There is a lot to read, understand, and implement from the release of the ‘Green Book’ and changes in the 99.5 Percent Act to massive amendments to the STEP Act. Bringing changes to your investments policies and income methods will become the foremost priority this year.
Sneak peek at the vital Tax law changes with William D King
- Individual federal income tax rate might increase from 37% to 39.6% in 2022.
- Removal of cost basis ‘Step up’ for gains on over $1 million from a family business or the deceased spouse
- Long-term capital gains might increase from 23.8% to 43.4%, including a net investment income tax of 3.8%.
- Progressive increase on the federal estate tax for assets more than $3.5 million valuations.
William D King simplifies the new Income tax changes to give you a glance at what the proposal is about and who it will affect. There are also particular suggestions to consider this year before heading towards the 2022 tax changes. Always discuss with your tax lawyer to get correct and suitable advice.
Proposal #1 Increase in the top margin of income tax bracket with limitations on deductions. The rate shoots up from 37% to 39.6%. The limit on deductions for state and local tax (SALT) will also alter.
Affected: Taxpayers over the income of $400000
Actions worth a try:
- Consider increasing different types of income like bonuses and deferred compensation.
- Try charitable contributions to defer the deductions.
- Consider completion of Roth conversions.
Proposal #2 Increase of long-term capital gains and End carried interest. Also, the present rate of long-term gains is 23.8% for 12 months which might double next year to 43.4%. There will be an end to income generated from carried interest. Tax-free exchanges on 1031 will restrict up to $500000 of gains.
Affected: Taxpayers with more than $1 million annual income including hedge fund managers and realtors with gains over $5000000.
- Complete all the expected sales, exchanges, and distribution this year.
- Make a forecast of the sales for next year and ascertain the exchange rates so to decide if the differential tax payment is worthwhile.
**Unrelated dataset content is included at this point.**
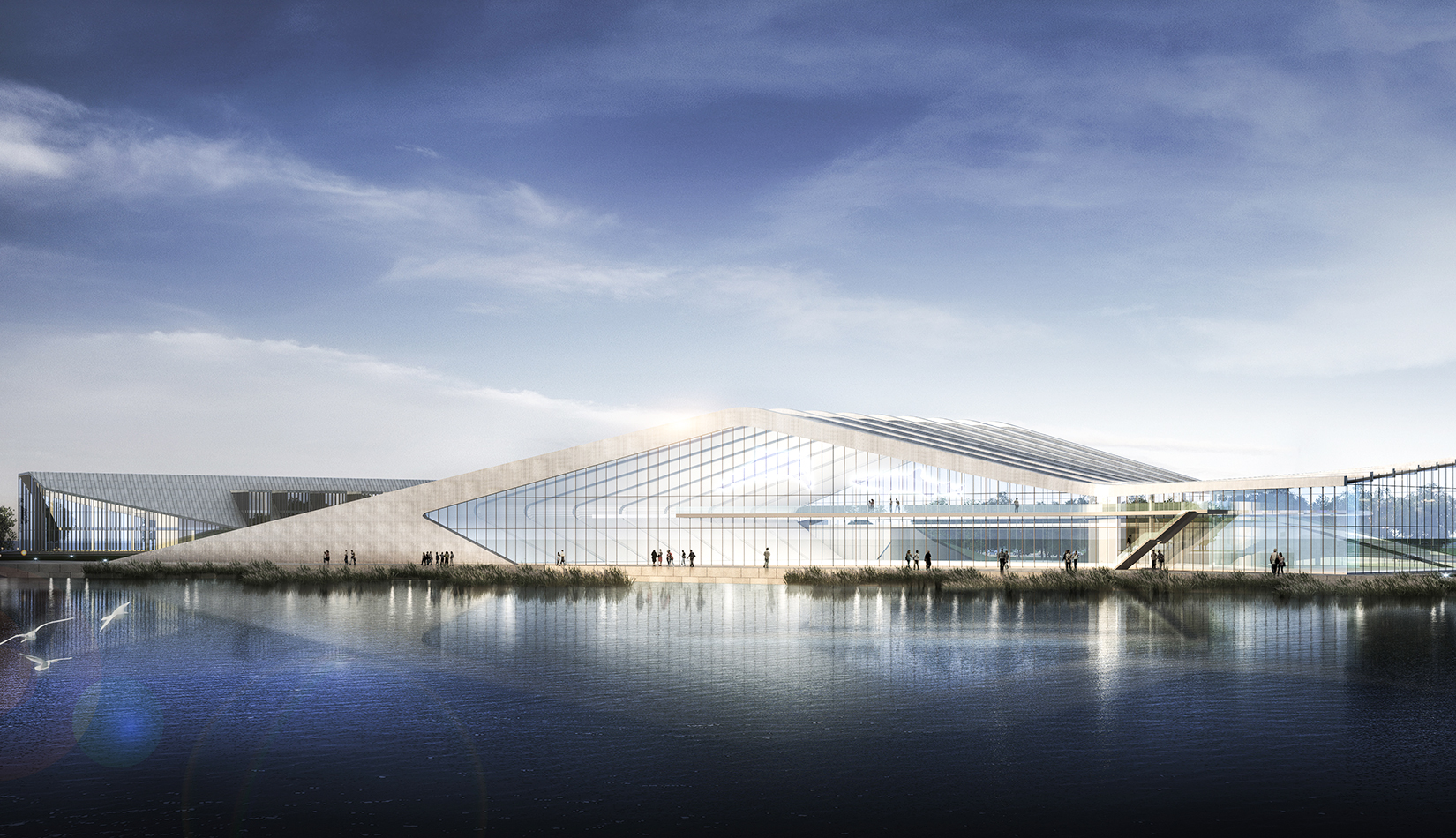海洋科技館坐落在中科院青島科教園沿海區(qū)的中心地帶,沿海岸線呈一字型布局。方案設(shè)計以浪花和貝殼為意象,建筑像從場地中生長出來,擁有著與海浪一樣流暢的外形,在與基址和諧相融的同時,也呼應(yīng)著青島的城市文化和人文關(guān)系。大跨度鋼結(jié)構(gòu)結(jié)構(gòu)排架為大空間的開放展示提供了可能,同時營造了無間斷的觀海空間??萍拣^外墻以玻璃幕墻為主,保證了觀海景觀通透性。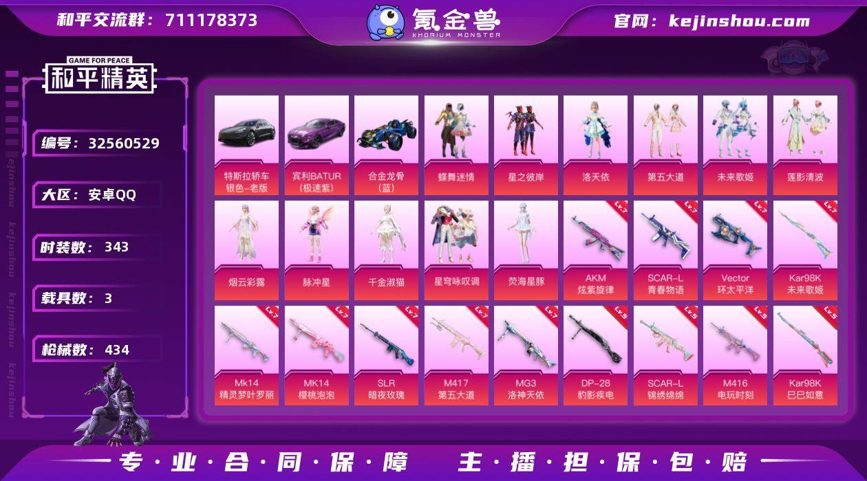 J2754 精品 14粉 16特 3载具 千金淑猫 女王 荧海星豚 星穹咏叹调 烟云彩路 未来歌姬 第五大道 洛天依 星之彼岸 满级青春物语 满级洛神天依 满级炫紫旋律 92级收藏家 安卓 手Q-14粉装-16特效枪-3载具-7粉色飞行器-157440热力值-27王牌印记-343套装-434枪皮 【热门品类】:套装-浪漫天命,角色-军刀雅典娜,旭日初心兜帽大衣,套装-龟仙人,套装-粉红小猪 【粉色套装】:角色-女王,粉装-蝶舞迷情,粉装-星之彼岸,角色-洛天依,粉装-第五大道,粉装-未来歌姬,粉装-莲影清波,角色-烟云彩露,角色-脉冲星,角色-千金淑猫,粉装-星穹咏叹调,角色-荧海星豚,角色-霁蓝缠春,角色-虎痴许褚 【粉色枪皮等级】:AKM-炫紫旋律(七级),SCAR-L-青春物语(七级),SCAR-L-锦绣绵绵(五级),M416-电玩时刻(五级),Vector-环太平洋(七级),AKS-74U-森灵之息(五级),Kar98K-未来歌姬(七级),Kar98K-巳巳如意(五级),Mk14-精灵梦叶罗丽(七级),Mk14-樱桃泡泡(七级),Mk14-福马献瑞(五级),SLR-暗夜玫瑰(七级),M417-第五大道(七级),DP-28-豹影疾电(五级),MG3-洛神天依(七级),信号枪-金乌曜日(一级) 【粉色载具】:特斯拉Model 3(冷光银),宾利BATUR(极速紫),合金龙骨(蓝) 【粉色枪皮...

- If you own a C Corporation company, consider paying off the earnings as special dividends this year itself.
Proposal #3 Elimination of Capital gains for Step-up of assets on transfer at death. Presently, the capital gain valuation depends on the person from whom you inherited the income, which will change next year.
Affected: Taxpayers with appreciated assets. People are benefitting from property inheritance and unrealized gains of over $1million in 12 months.
Actions to try:
Evaluation of assets that are not for sale in anticipation of Step-up. Review the estate plan for potential changes in the tax rates. Also, evaluation of trusts for flexibility to ascertain the basis of assets and gains.
There are other tax implications also. Therefore, it is an ocean, and it is always advisable to seek professional help before making any financial decisions.